Despite the argument that the world left to millennials by previous generations is one that is economically unfair, millennials are still a generous generation. Millennials, born from approximately 1980 to 2000, will soon make the largest part of the American workforce, which will expand their buying power, and their philanthropic efforts don’t fall far behind. One survey found that 84% of this group has donated financially while 70% of millennials had given at least an hour to a charitable cause in 2014.
Baby Boomers and Generation X still donate more money per year than millennials donate, $732 and $1,212, respectively, compared to $481; however, the younger generation still manages to donate an impressive amount of money compared to their college debt and when considering the fact that fewer members of this group have achieved enough financial security to own a home and car. This fact stands in opposition to the idea that millennials are an entitled lot.
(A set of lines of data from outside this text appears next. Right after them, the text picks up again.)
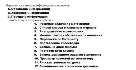 К основным информационным процессам относятся обработка, хранение, прием и передача информации. Последние два действия, прием и передача, в карточке объединено одним – передачей информации. Начинаем работу.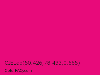 CIELab 50.426,78.433,0.665 Color is a normal rose color and the nearest color is Red Purple #e40078. Hex code #e80a7a and RGB value is rgb(232,10,122). In RGB color space, this color is composed of 91% red, 4% green, 48% blue, In CMYK color space, this color is composed of 0% cyan, 96% magenta, 47% yellow , 9% black , In HSL color space, this color has a hue angle of 330° , 92% saturation and 47% lightness.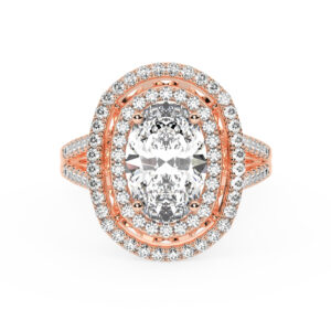 50% הנחהטבעת אירוסין היילו דגם 50025 כסף מצופה זהב אדום רוזגולד במרכז אבן מעבדה מוסונייט 0.75 קראט בחיתוך אובל עם תעודה גמולוגית מסביב ובצדדים אבני מעבדה מוסונייט במשקל כולל של 0.62 קראט בחיתוך עגול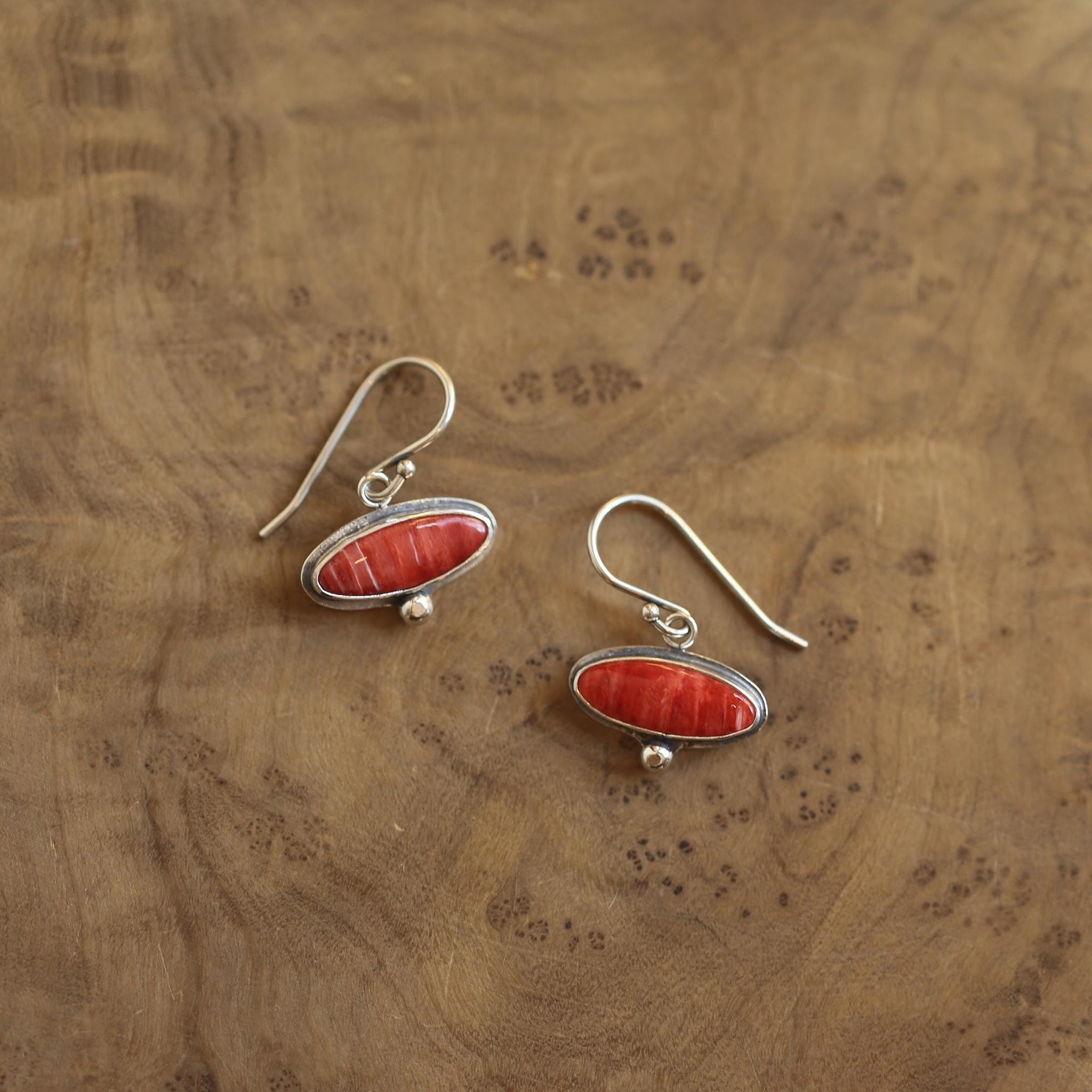 These are just the perfect, easy to wear, orange, spiny oyster drop earrings. Just that perfect pop of red/orange you want! Modern and traditional at the same time! Minimal embellishments except for the silver beads centering ther bottom of the red/orange, spiny oyster east west oval - just enough to add mystique to these poppy red Spiny Oyster Shell. All .925 Sterling Silver - oxidized, sanded, and burnished to the perfect finish. Easy on and squeeze although they will come with a rubber stopper.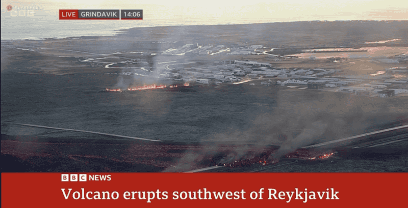 Ref: https://en.vedur.is/about-imo/news/a-seismic-swarm-started-north-of-grindavik-last-nightAn eruptionstarted at 7:57 UTC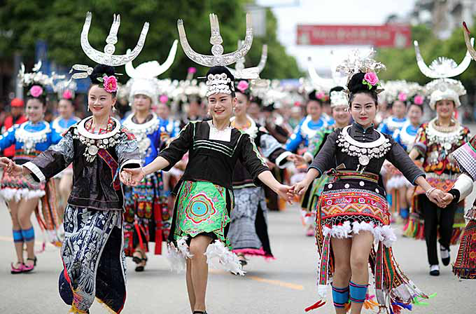 2017年4月28日,黔東南苗族侗族自治州丹寨縣盛大舉行“云上丹寨?遠(yuǎn)古霓裳”丹寨八大支系服飾巡游活動,來自全縣六個鄉(xiāng)鎮(zhèn)八大支系的2000余名苗族同胞身著節(jié)日盛裝,集聚在縣城錦雞廣場進(jìn)行服飾展演(黔東南苗族侗族自治州人民政府網(wǎng))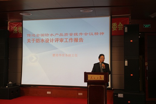瞿培華常務(wù)副主任傳達(dá)“全國建筑防水產(chǎn)品質(zhì)量提升工作會議”精神、作了《關(guān)于防水設(shè)計(jì)評審工作》報告。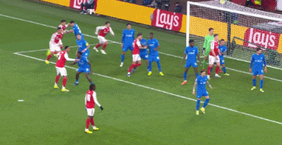 第21分钟,加布里埃尔头球攻门,皮球稍稍顶高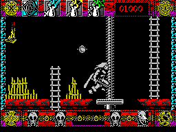 Enemy sprites are distinct and varied, ranging from skeletal guardians and spectral hounds to the twisted reflections of Lone Wolf himself. Animation frames are modest but well-executed, with satisfying feedback when your blade strikes home or an enemy collapses in a burst of pixels. The flick-screen transitions are smooth, ensuring you never lose track of your position while navigating the labyrinthine layout.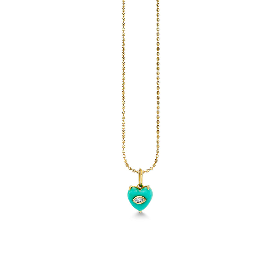 Crafted from 14k yellow gold, this charm features a beautifully carved stone heart with a diamond marquise eye, adding a touch of elegance and sparkle. Measuring approximately 1/4'W x 1/4'H, this charm is the perfect size to add to a necklace. Its intricate design and high-quality materials make it a reliable and timeless piece that will be cherished for years to come.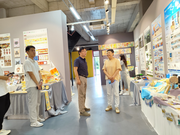 设计艺术馆交流观摩。副院长佘醒参加活动,公共环境艺术系主任郭圣能做讲解、介绍。

Organizations that rely on donations, whether monetary or voluntary, would be remiss to overlook the time and money that millennials are so willing to offer despite the obstacles in their way.
However, companies must understand what motivates millennials to be generous. For starters, they prefer to hear a story rather than just the facts. Where millennials may not be able to donate money, they can offer their time, and organizations can take advantage of this by pressing the urgency of moving now. Finally, it’s important that messaging is simple. Millennials receive thousands of messages every day, and overcomplicating things will cause information to become lost in the fray.
As mobile banking and technology has changed the face of philanthropy, millennials have increased their donations. And as Baby Boomers leave the workforce and millennials find more stability and increased wages, their ability to continue to donate their time and money will only increase. Organizations that understand this potential can take advantage of it now and continue to build loyalty with philanthropists in the future.